Often it is not linguistic variables that you want to manipulate, but fuzzy analogues of exact values. To do this, there is the fuzzy relation "ABOUT" (e.g. "Price around 20"). To implement such fuzzy relations, a fuzzy set is similarly constructed with an appropriate membership function, but on some relative interval (e.g., [-5; 5]) to avoid context dependency. When calculating the membership function of the fuzzy relation "About Q" (Q is some distinct number), we scale it by the relative interval.

Let's illustrate the above with an example of a table of securities data. Let it have the following fields: PRICE (security price), RATIO (price-to-earnings ratio), AYIELD (average income for the last quarter, average yield, %).

ID PRICE RATIO AYIELD
1 260 11 15,0
2 380 5 7,0
3 810 6 10,0
4 110 9 14,0
5 420 10 16,0

Suppose we need to find securities to buy not more expensive than $150, with a yield of 15% and a price-to-earnings ratio of 11. This is equivalent to the following SQL query:


select * FROM some_table where ((PRICE<=150) AND (RATIO=11) AND (AYIELD=15))

The result of such query will be empty.

Then let's formulate the same query in a fuzzy form using the "ABOUT" relation:


select * FROM some_table
where ((PRICE = "ABOUT 150") AND (RATIO= "ОкоABOUTло 11") AND (AYIELD="ABOUT 15"))

Let's build a fuzzy set for the "OKOLO" relation in the relative interval [-5; 5]. It will be a trapezoid with coordinates [-2, -1, 1, 2].

Fuzzy logic in database

Let's calculate the value of the fuzzy query "Price about 250" for the price of 380. Preliminarily specify the definitions of each linguistic variable: PRICE - [0; 1000], RATIO - [0; 20], AYIELD - [0; 20]. Scale the value of 130 (obtained as the difference between 380 and 250) by the interval [-5; 5], we obtain the value of x=1.3 and MF(1,3)=0.7.

By applying a fuzzy ABOUT relation to each PRICE, RATIO and AYIELD field and calculating the aggregate value of the membership function using the fuzzy AND operation, we get the following query result.

ID PRICE RATIO AYIELD MF
1 260 11 15,0 1
4 110 9 14,0 0,9

The disadvantage of fuzzy queries is the relative subjectivity of the membership functions.

Applications of fuzzy logic in databases

Fuzzy queries are promising to use in areas where information is selected from databases using qualitative criteria and fuzzy conditions, such as Direct Marketing.

In direct marketing, the stage of identifying the target audience for which various direct marketing tools will be used is very important. For example, direct mail is used in the promotion of goods and services to organisations and individuals. However, in order to maximize the effect of direct mail, a careful choice of recipients is necessary. If the choice of addressees is liberal, direct marketing costs will increase unnecessarily, if it is too strict, a number of potential customers will be lost.

For example, a company is running a promotion among its customers about new services via direct mail. The marketing service has found that the new service will be of most interest to middle-aged men, fathers of families with above-average annual incomes. To get a list of recipients to the customer database is likely to make the following request: select all males aged 40 to 55 years, with at least 1 child, an annual income of 20 to 30 thousand dollars. Such precise query criteria may exclude a lot of potential clients: a 39 year old man, father of three, with an income of 31 thousand dollars will not be included in the query results, although he is a potential consumer of a new service.

Similarly, fuzzy queries can be used when selecting travel services, selecting real estate properties.

The fuzzy query tool allows you to reconcile formal criteria and informal requirements for the range of potential customers and set the intervals for selecting potential customers as fuzzy sets.
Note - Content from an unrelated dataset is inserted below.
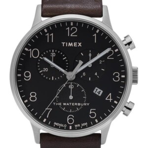 Timex Waterbury TW2T28200 to klasyczny męski zegarek o ponadczasowym stylu, który perfekcyjnie wkomponuje się w outfity na prawie każdą okazję, od oficjalnych po zupełnie codzienne. Skórzany brązowy pasek, srebrna koperta ze stali szlachetnej i czarna tarcza z chronografem i srebrnymi wskazówkami stanowią idealne i wyjątkowo gustowne połączenie odpowiednie dla mężczyzny w każdym wieku. Dzięki autorskiemu systemowi podświetlenia INDIGLO, odczytanie godziny nie stanowi najmniejszego problemu nawet w zupełnej ciemności, co znacznie podności funkcjonalność urządzenia, a ze względu na zastosowanie szkiełka mineralnego nie ma potrzeby obawiać się o ewentualne zarysowania. Zasilany baterią kwarcowy mechanizm Timex Waterbury TW2T28200 to sprawdzona i uznana przez duże grono użytkowników konstrukcja, która zapewnia długoletnie działanie zegarka bez usterek. Wodoszczelność do 30 metrów zapewnia odporność na wszelkie przypadkowe zachlapania. Ponadto producent udziela na swój produkt 3-letniej gwarancji.

In this case clients not satisfying any criterion can be selected from the database, if they have a good performance on other criteria.

References

  • Dubois D., Prad G. Opportunity Theory. Applications to Knowledge Representation in Computer Science
  • Ribeiro R.A., Moreira A.M. Fuzzy Query Interface for a Business Database // International Journal of Human-Computers Studies, Vol. 58 (2003), PP. 363-391.
  • Dubois D., Prade H. Using Fuzzy Sets in Database Systems: Why and How? // Proc. of 1996 Workshop on Flexible Query-Answering systems (FQAS'96), Denmark, May 22-24, 1996, PP. 89-103.